Andrea Prosperetti in the department of mechanical engineering at the Johns Hopkins University has studied this question in detail. He responds:
"It must first of all be stressed that the 'extremely high temperatures' referred to are, at least for now, speculation. While many researchers would concede temperatures of up to, say, 10,000 kelvins (which is way too low for nuclear fusion), a much smaller number would feel comfortable with temperatures in the millions of degrees range. The computations that indicate such extreme conditions inside a pulsating bubble are based on rather extreme idealizations.
"The most fundamental one is the fact that the bubble remains absolutely spherical during its radial oscillations. On theoretical grounds, there are many reasons to doubt this premise: a collapsing sphere is highly unstable (which is the reason why attempts at producing fusion by causing the implosion of gas-filled micro-balloons with powerful pulses of laser light have so far failed), and liquid jets may develop that span the bubble.
"Furthermore, experiment suggests that the light emitted by a bubble has a weak directional asymmetry, which would be incompatible with perfect sphericity. Hence, while it is not absolutely possible to rule out the occurrence of nuclear reactions inside a pulsating bubble on the basis of the present knowledge, the actual occurrence of such reactions is, to say the least, doubtful."
The Johns Hopkins University has also provided this official statement on Dr. Prosperetti's work:
Sonoluminescence, the puzzling glow emitted by a bubble in a field of high-pitched sound waves, may be caused by a tiny jet of liquid that shoots across the interior of the bubble at supersonic speed and slams into the opposite side, a Johns Hopkins researcher has proposed.
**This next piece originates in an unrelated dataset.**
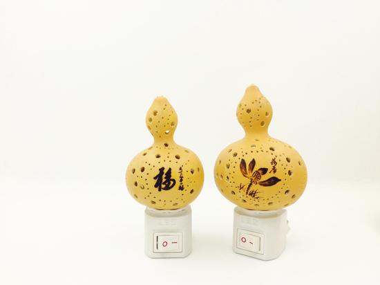 葫芦小夜灯:通过打孔、镶嵌等工艺精心制作。图中的“福”为康熙御笔的天下第一福,通过烙画的形式烙到葫芦上。右边那款为恭王府定制。

At the point where this powerful jet strikes the bubble wall, it "fractures" the liquid, releasing energy in the form of light, says Andrea Prosperetti, an internationally respected expert on the mechanical properties of bubbles.
Prosperetti's theory appears in the April 1997 issue of the Journal of the Acoustical Society of America. His paper offers an alternative to the widely held view that the bubble glows because of shock waves that concentrate energy in its center as it shrinks.
His theory also deflates the hope among some researchers that sonoluminescence generates enough pressure and heat to produce nuclear fusion, a potential source of cheap, clean energy. Some scientists have speculated that bubble temperatures during sonoluminescence exceed 2 million degrees Fahrenheit, near the levels needed for fusion. This idea became a key plot point in the motion picture "Chain Reaction," starring Keanu Reeves. But if Prosperetti's theory holds true, the heat inside the bubbles would peak at about 10,000 degrees F, the level found at the sun's surface. "It's enough to explain the chemical activity, but it's far below the amount needed to produce nuclear fusion," says Prosperetti, who is the Charles A. Miller, Jr. Distinguished Professor of Mechanical Engineering at Hopkins.
Sonoluminescence was discovered in 1934 by two German physicists who immersed powerful ultrasound generators in a vessel of water, creating a cloud of tiny bubbles that gave off a glow. Scientists were intrigued but found it was too difficult to study in detail the unwieldy mass of short-lived bubbles. In 1989, however, Lawrence Crum, then a professor at the University of Mississippi, and his graduate student, Felipe Gaitan, were able to induce sonoluminescence in a single bubble trapped within a sound field inside a cylinder of water.